What we implemented: Simple bitpacking where all values in a 128-doc block use the same bit width (determined by the max value in that block). This is similar to Tantivy's approach and provides good compression with minimal decode overhead (~6% of query time per profiling).

What we didn't implement: FOR/PFOR (Frame-of-Reference with Patching). FOR stores a base value plus small offsets; PFOR adds exception handling for outliers. These provide slightly better compression for blocks with outliers but add complexity. The simpler bitpacking approach was chosen for v0.4.0.

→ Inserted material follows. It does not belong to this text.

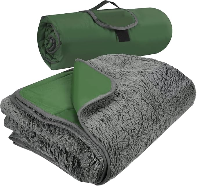 - PACKABLE & PORTABLE- It’s also easily foldable and packable, this compact waterproof throw blanket can be simply rolled up into a handled roll secured by a heavy-duty fastener, which is super easy to store.

3.2 Bitpacking (Implemented)

// Compress a block of 128 postings
void tp_compress_block(TpBlockPosting *postings, uint32 doc_count,
                       uint32 first_doc_id, uint8 *out, uint32 *out_len) {
    // Delta encode doc IDs
    uint32 deltas[TP_POSTING_BLOCK_SIZE];
    uint32 prev_doc = first_doc_id;
    for (int i = 0; i < doc_count; i++) {
        deltas[i] = postings[i].doc_id - prev_doc;
        prev_doc = postings[i].doc_id;
    }

    // Find bits needed for max delta and max frequency
    uint8 doc_id_bits = bits_needed(max_delta);
    uint8 freq_bits = bits_needed(max_freq);

    // Write 2-byte header + bitpacked values
    out[0] = doc_id_bits;
    out[1] = freq_bits;
    bitpack_write(out + 2, deltas, doc_count, doc_id_bits);
    bitpack_write(out + 2 + packed_size, freqs, doc_count, freq_bits);
}

Compression results (MS MARCO):

Scale Uncompressed Compressed System X vs Uncompressed vs System X
100K docs 27 MB 16 MB 14 MB -41% +14%
8.8M docs 2.4 GB 1.4 GB 1.5 GB -42% -7%

At full scale, we're now smaller than System X (1396 MB vs 1500 MB). However, System X is also storing positional information for phrase queries, so numbers are not entirely comparable.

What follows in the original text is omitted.